The purpose of this study was to evaluate the safety and efficacy of aripiprazole in adolescents with schizophrenia (SCZ) in Japan.
In a 6-week, randomized, double-blind, dose-comparison study, adolescents (aged 13-17 years) with SCZ were randomized to receive aripiprazole 2, 6-12, or 24-30 mg/day. Patients who completed the 6-week study participated in a 52-week, flexible-dose, open-label extension (OLE) study of aripiprazole (initial dose: 2 mg/day, maintenance dose: 6-24 mg/day, maximum dose: 30 mg/day).
In the 6-week study, the percentage of patients completing treatment was: 77.1% (27/35) for 2 mg/day; 80.0% (24/30) for 6-12 mg/day; and 85.4% (35/41) for 24-30 mg/day. The least squares mean change in the Positive and Negative Syndrome Scale (PANSS) total score from baseline to endpoint (primary efficacy endpoint, last observation carried forward) was -19.6 for 2 mg/day, -16.5 for 6-12 mg/day, and - 21.6 for 24-30 mg/day. The most common (≥20% patients in any group) treatment-emergent adverse events (TEAE) were nausea, akathisia, insomnia, and somnolence. Most TEAE were mild or moderate in severity. There were no deaths. In the OLE, 60.3% (41/68) of patients completed treatment, and the PANSS total score decreased by -7.9 from OLE baseline to week 52. The most common (≥20% patients) TEAE were nasopharyngitis and somnolence. Most TEAE were mild or moderate in severity. There were no deaths.

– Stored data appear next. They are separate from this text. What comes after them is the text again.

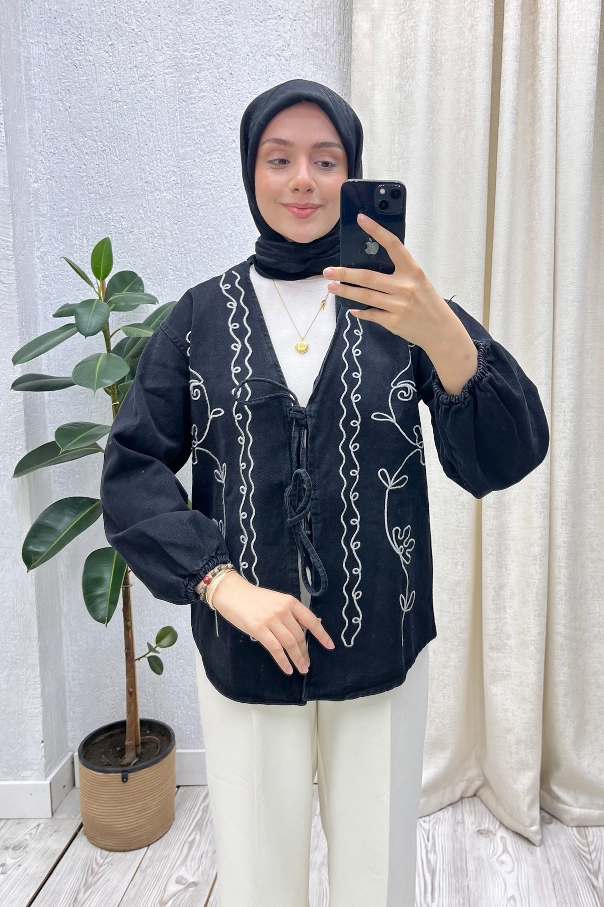 Nakışlı Önü Bağlamalı Kot Ceket Siyah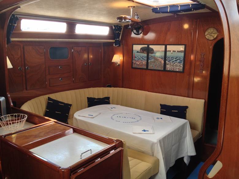 Là, tu comprends, on sort un bout de grand-voile, genre string minimaliste, le moteur embrayé au ralenti, et on rase la côte au nord pour se donner du champ sous le vent en cas de problème. Amarante s’incline, et trace sa route à huit nœuds par vent de travers.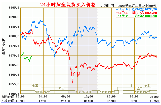 (2020年11月12日)国际黄金价格表 名称 最新价 涨跌 涨跌幅% 买价 卖价 开盘价 昨收价 最高价 最低价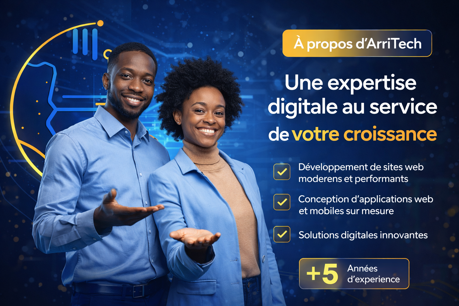 Chez ArriTech, nous concevons des solutions digitales sur mesure pour accompagner les entreprises, organisations et institutions dans leur croissance. Notre approche est centrée sur l’efficacité, la performance et l’adaptation aux réalités locales.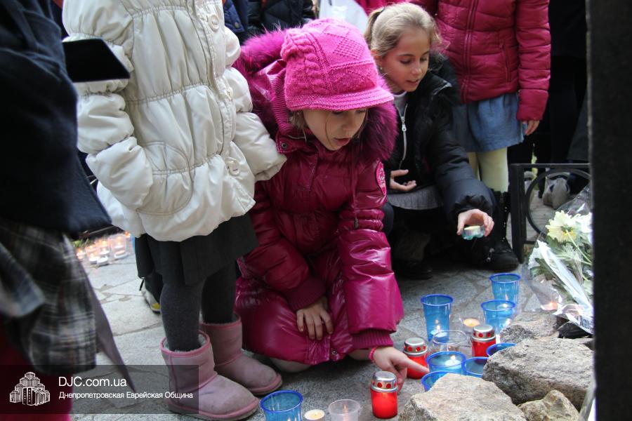 На траурном митинге присутствовали прихожане еврейской общины, ветераны войны, ученики еврейской школы Днепропетровска «Ор Авнер Хабад-Любавич» имени Леви-Ицхака Шнеерсона, воспитанницы махона «Бейс Хая-Мушка», студентки Международного гуманитарно-педагогического института «Бейт Хана», а также представители еврейских структур, работающих в нашем городе, Общественного Совета при губернаторе Днепропетровщины, лидеры польской, армянской и азербайджанских общин Днепропетровска и международной общественной организации «Институт Украиника».
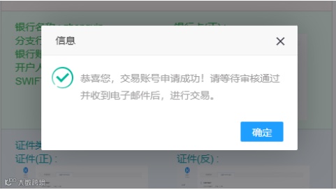 第四步:提交后出现确认页面,请核对信息无误后完成开户申请。成功后将跳转至提示页面,平台将开始审核账户,届时请关注注册邮箱是否收到审核通过邮件。

These study results suggest that aripiprazole would be safe and well tolerated in both short- and long-term treatment for adolescents with SCZ in Japan.

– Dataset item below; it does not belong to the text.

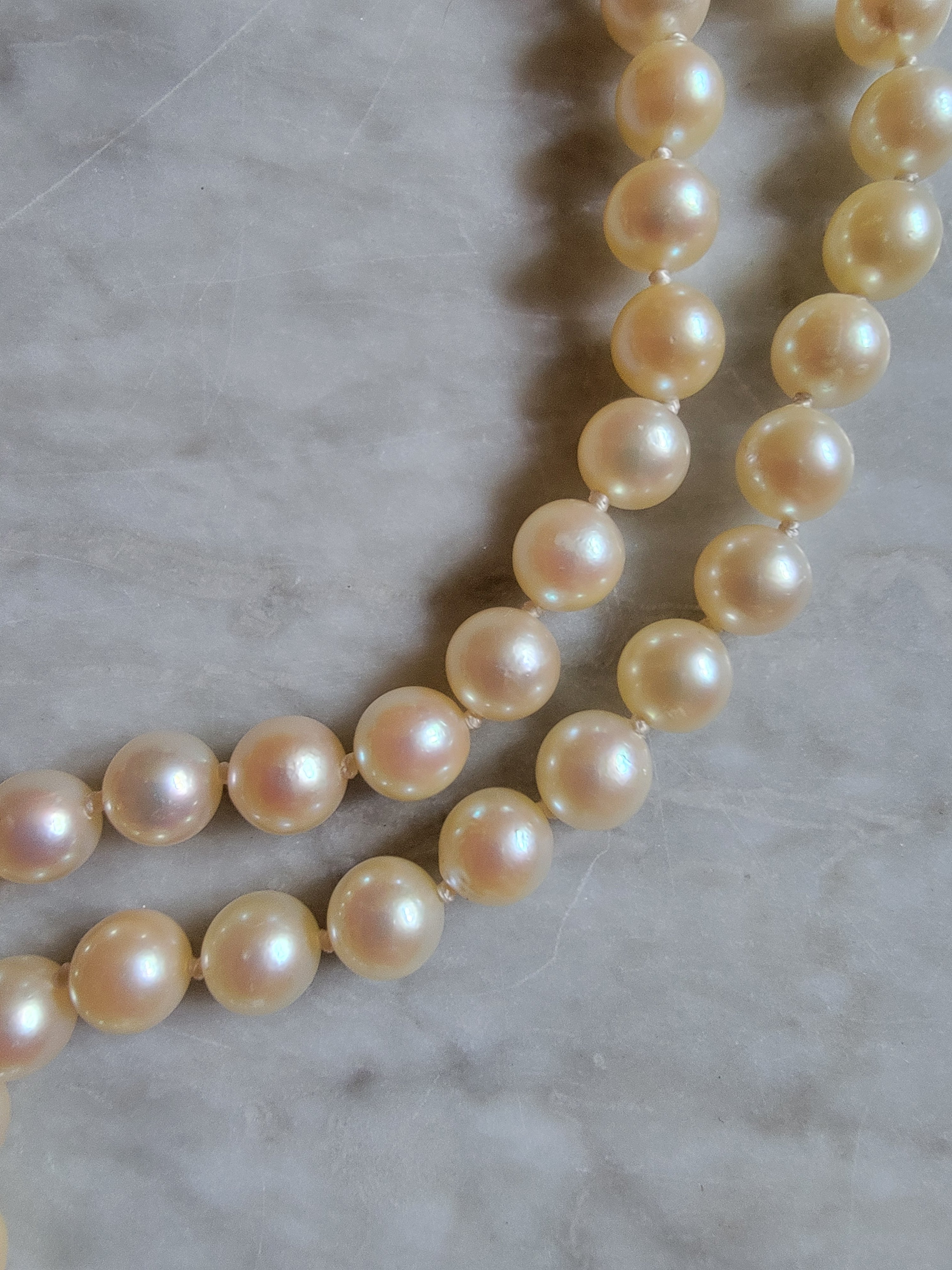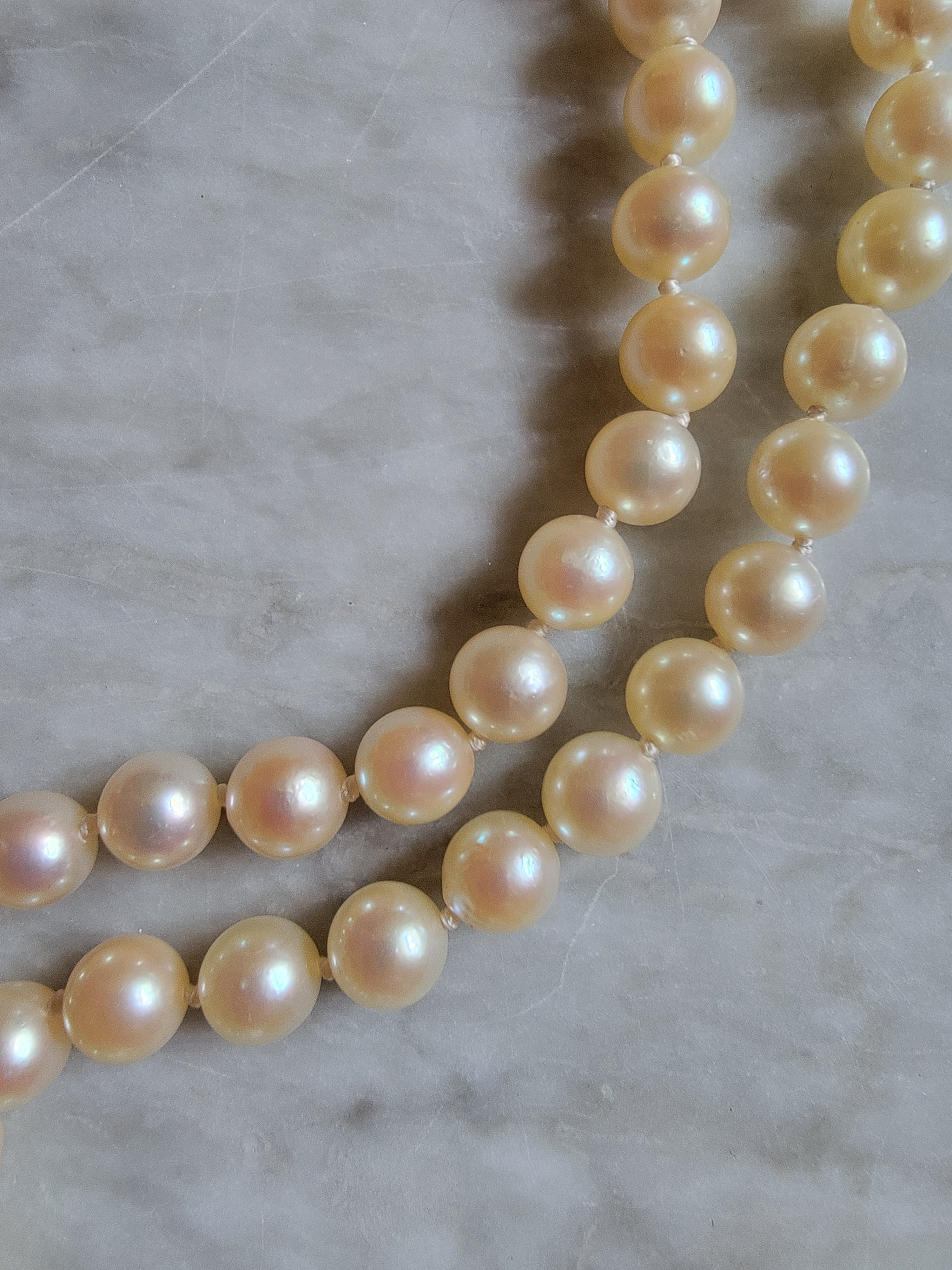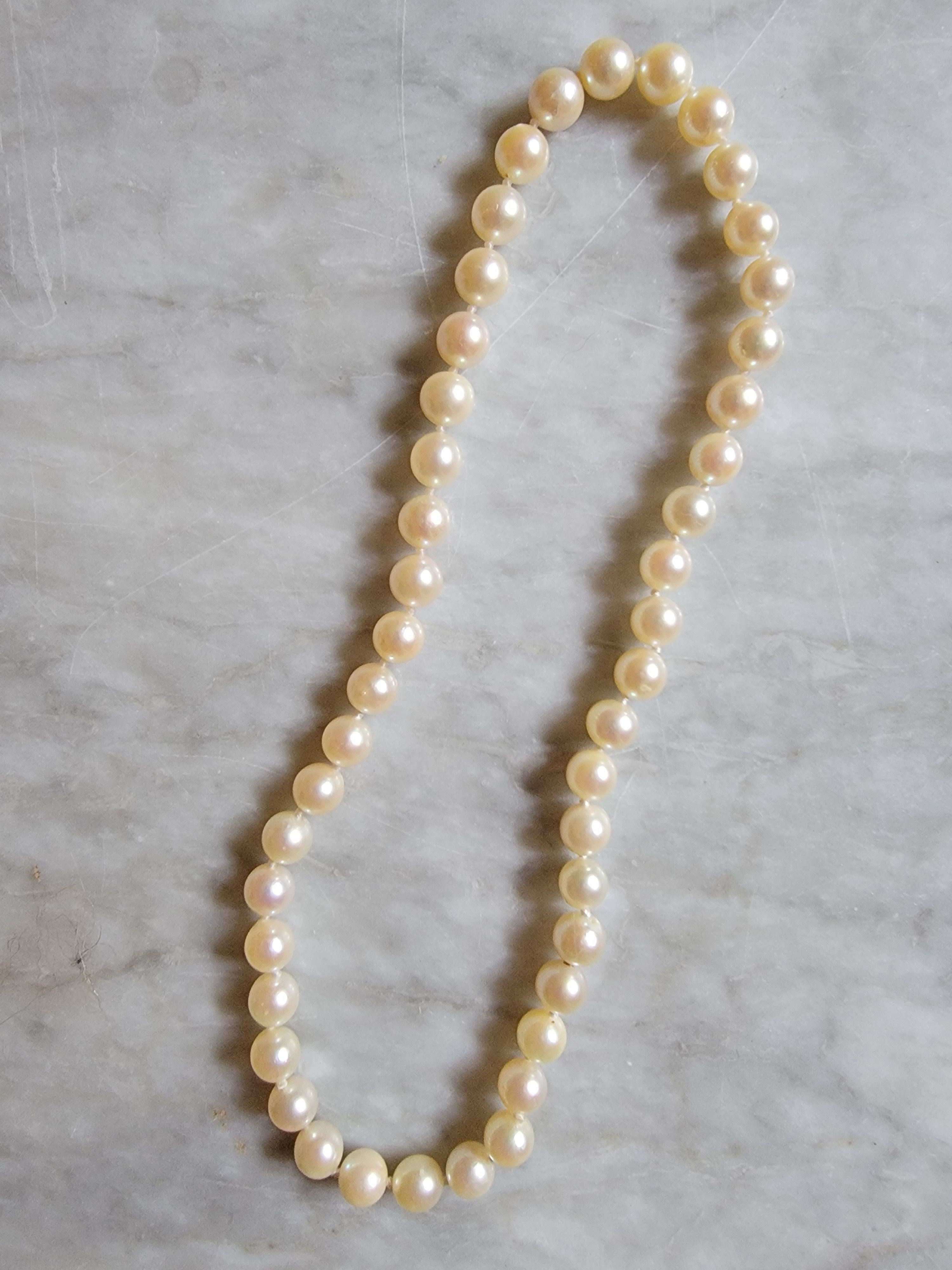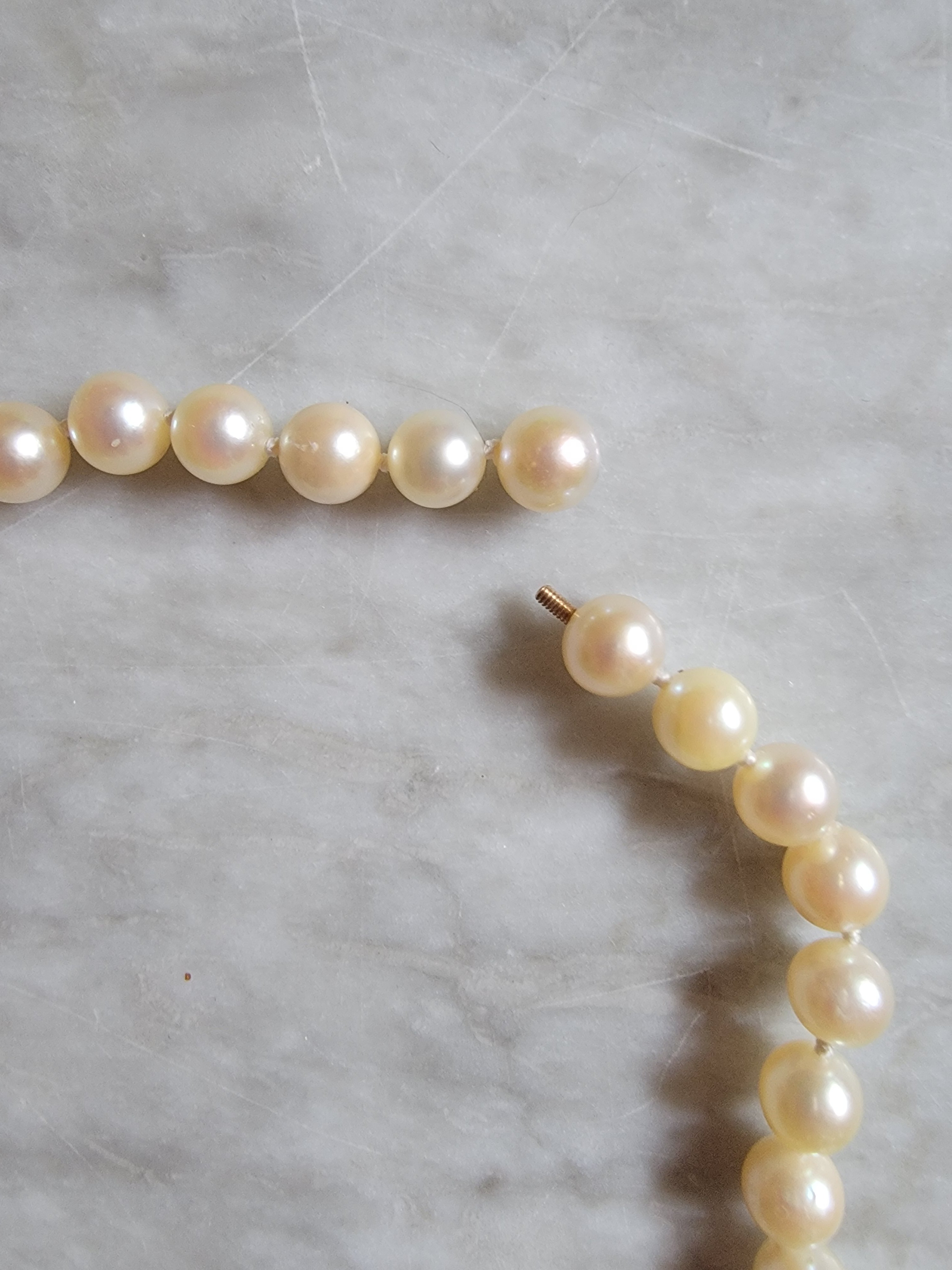 I'd love to know if my two guesses are correct- that they are Akoya pearls of middling quality, and that the necklace dates to the 1990s or early 2000s. Whatever the case, it was a great find for the price and I absolutely love the short choker length. I'd also love to know what I can do about the slight kinking that's happening throughout, which is still visible when it's worn.

本研究旨在评估阿立哌唑在日本青少年精神分裂症(SCZ)患者中的安全性和疗效。
在一项为期 6 周、随机、双盲、剂量比较的研究中,将符合 SCZ 诊断标准的青少年(年龄 13-17 岁)随机分为阿立哌唑 2、6-12 或 24-30mg/日组。完成 6 周研究的患者参加了一项为期 52 周、灵活剂量、开放标签延伸(OLE)研究,阿立哌唑的起始剂量为 2mg/日,维持剂量为 6-24mg/日,最大剂量为 30mg/日。
在 6 周的研究中,完成治疗的患者比例分别为:2mg/日组为 77.1%(27/35);6-12mg/日组为 80.0%(24/30);24-30mg/日组为 85.4%(35/41)。从基线到终点(主要疗效终点,末次观察值结转),阳性和阴性症状量表(PANSS)总分的最小二乘均值变化分别为:2mg/日组为-19.6;6-12mg/日组为-16.5;24-30mg/日组为-21.6。最常见(任何一组发生率≥20%)的治疗中出现的不良事件(TEAE)为恶心、静坐不能、失眠和嗜睡。大多数 TEAE 为轻度或中度。无死亡事件。在 OLE 中,60.3%(41/68)的患者完成了治疗,PANSS 总分从 OLE 基线到第 52 周下降了-7.9。最常见(发生率≥20%)的 TEAE 为鼻咽炎和嗜睡。大多数 TEAE 为轻度或中度。无死亡事件。
这些研究结果表明,阿立哌唑在日本青少年精神分裂症患者的短期和长期治疗中均安全且耐受良好。